Telford Parliamentary church also known as the Telford Kirks are a series of presbyterian churches in Scotland built with money voted from the parliament of the United Kingdom as a result of the Church of Scotland Act 1824 for a grant of £50,000, designed by the surveyor William Thomson and built by the Scottish stonemason and architect Thomas Telford. In total, 32 churches were built and many are still in use today. Others have been abandoned, e.g. at Stoer, while others were destroyed and rebuilt, e.g. at Tobermory, while others have been converted to dwellings.

==History==
At the beginning of the 19th century, the provision of churches in the whole of Britain, and in the Highlands in particular, no longer matched the spiritual and religious requirements of the population. Most Highland parishes were large areas of rough mountainous land, and many parishioners, especially those who had been cleared from the land, or who lived in one of the new villages that were coming into existence around that time, lived so far from the parish kirk that they could not attend worship regularly, which was seen as a bad thing. Besides gaps in the provision by the Church of Scotland, there were also pockets of other religious denominations, including Roman Catholic and a variety of minor sects, which were seen as undesirable by the Church of Scotland and by the government.

After the Napoleonic Wars, Parliament made available £1,000,000 in 1819, with a further £500,000 in 1824, for the building of churches and chapels for the Church of England, as an expression of gratitude to God for victory. 214 "Commissioners' Churches" were built or refurbished; one of these alone is said to have cost the best part of £77,000 (equivalent to £6 million in 2014), though much of this was not government money.

A similar proposal to provide £200,000 for the Church of Scotland was delayed for years by various political difficulties and obstruction, and when an amended Bill was eventually passed in 1824, it provided just £50,000 for the whole of the Highlands. No more than 30 kirks with manses were to be built, and no more than £1500 (equivalent to £125,000 in 2014) was to be spent on any one site. A similar Bill for the Lowlands failed altogether in 1825. So the whole of Scotland got a Parliamentary grant of less than was spent on one single Church of England building; and the majority of parishes, and parishioners, in Scotland got nothing at all.

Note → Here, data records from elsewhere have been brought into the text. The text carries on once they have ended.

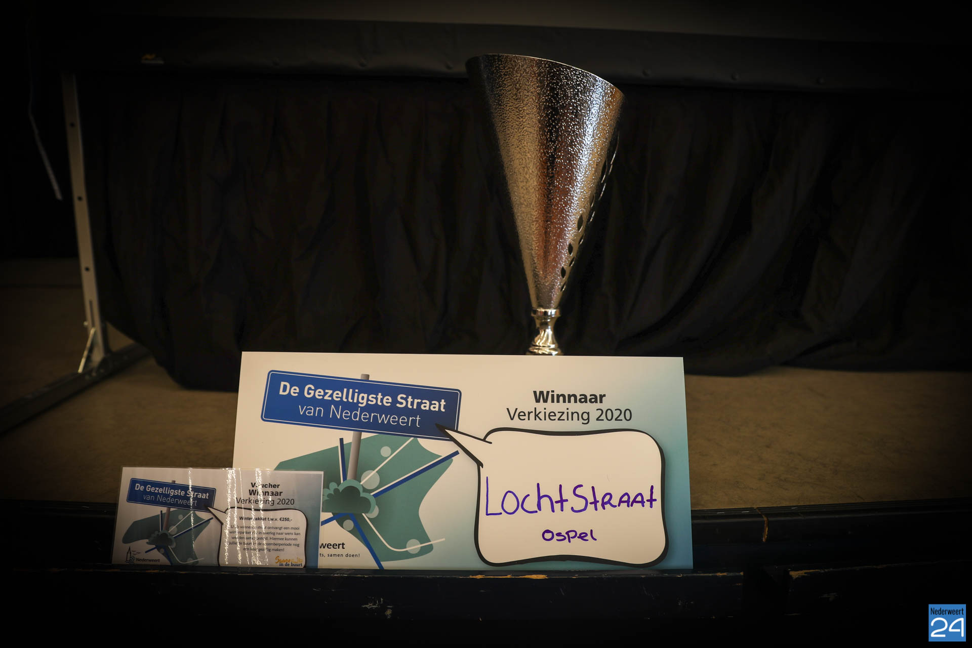 Na het overhandigen van de wisselbokaal, ontvingen de bewoners een waardebon ter waarde van € 250,-. Met deze bon kan de straat/buurt in de wintermaanden het nog een keer gezellig maken. Uiteindelijk ontvangen de bewoners van de Lochtstraat later dit jaar een straatnaambord met daarop De Gezelligste Straat van Nederweert 2020.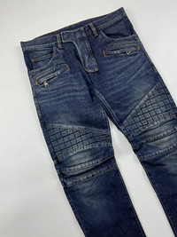 Balmain Biker Pants Sz 30 fits 32-34 Check measurements 9/10 Condition Waist: 17 Inseam: 29.5 Leg Opening: 6.5 Front Rise: 10 Thigh: 11 Knee: 8.5 Measured it by inches Accepting offers No return No exchange Ask before buy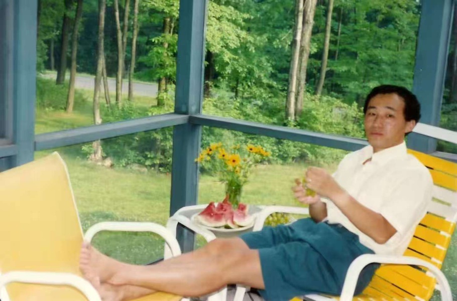 这照片是班长读医学院的第一年,舒明为他拍摄的。新奥尔良老同学都羡慕说:(班长)在美国考取攻读读医学院,你居然越读越满面红光了!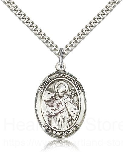 St. Januarius Medal This St. Januarius Pendant is made of sterling silver and is approximately the size of a quarter. The jewelry pendant is paired with a 24 inch stainless steel heavy curb chain as pictured. All medals are gift boxed in a beautiful blue velvet hinged jewelry gift box.

The task of selecting the sites and overseeing the work was entrusted to the Commissioners for Building Highland Roads and Bridges, and in particular to their Chief Surveyor Thomas Telford. The Bill required that the heritors, should apply for a new kirk to be built on land that they would make available, and in August 1825 the Commissioners considered 78 applications; eighteen more were received by June 1826, and eventually, and not without difficulty, sites were chosen for 32 kirks and 41 manses, the extra manses to be provided where there was already a kirk, but no manse.

==Design==
Between 1823 and 1830, Telford was responsible for the management of construction of the highland churches northwards from Islay to the Shetland. In the year between 1823 and 1824 he prepared estimates, plans and specifications for a standardised structure that was based on one submitted proposal of his three surveyors, James Smith, Joseph Mitchell and William Thomson. Thomson had asked his three surveyors to submit designs for a kirk and manse with a specific budget and caveat that the kirk had to be constructed in a manner that would resist a stormy climate. The eventual plans that were adopted came from William Thomson and considered austere in design.

The layout of each church followed a simple rectangular or a T-plan design each with small belfry. In a rectangular design the tall lattice windows are located in the side walls. For the T-plan, an extension was built at the rear with the lattice windows are on the side walls. The standardised windows design was used so that they could be supplied ready made by James Abernethy of Aberdeen. Original window frames survive in several churches e.g. in Croick, Iona and Ullapool. The doors also standardised, used four-centred arches for support.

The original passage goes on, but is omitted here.